The early days of the new government's housing policy promised to fill this gap. In its first tranche of funds released, by the end of June 1994, the PHB approved 46 housing projects for the creation of22 835 houses involving R173, 3 million in subsidy payments.

This represented a 62 percent success rate among applicants. Of these, 17 405 were in Durban (76 percent), 2,239 were in Pietermaritzburg (10 percent) and 3,181 (14 percent) were in pre dominantly urban areas. However, the bulk of the subsidies were to be paid out of future budgets, and only 24 percent would come from the 1994/5 budget.

This pace soon slowed down, and by the end of the first trance of payments two years later in 1996, a total of 143 projects for a total of 54,052 subsidies worth R647, 247.713 million had been allocated. A further R54,700,000 for 12 projects had been approved for consolidation subsidies over the same period.

Under the pre-interim arrangements, the executives of each substructure met each week but other than that there was little co-ordination in the system. As a result, the DCC area and the townships remained two separate worlds, especially since the pre-interim arrangements were never intended to last as long as they did.

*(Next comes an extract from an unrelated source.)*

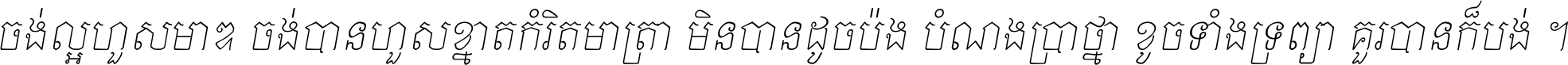 ចង់​ល្អ​ហួស​មាឌ ចង់​បាន​ហួស​ខ្នាត​កំរិត​មាត្រា មិន​បាន​ដូច​ប៉ង បំណង​ប្រាថ្នា ខូច​ទាំងទ្រព្យា គួរ​បាន​ក៏បង់ ។

Despite these sustained difficulties, Corbett attests to the surprising fact that government was still working: "The system is functioning, people attend committee meetings, officials do their work, they are attempting to modify their administrative decisions to accommodate the metrol substructure system.

In concluding, it was precisely throughout the pre-interim period that even as institutional relationships were in their infancy, and as councillors appointed from the non-statutory component were learning on the job, communities were demanding participation and consensus building exercise along with rapid service and infrastructure delivery. One

major structure that held the potential to help un-block development in the DMA was the Durban Functional Region Development Forum (DFR-DF).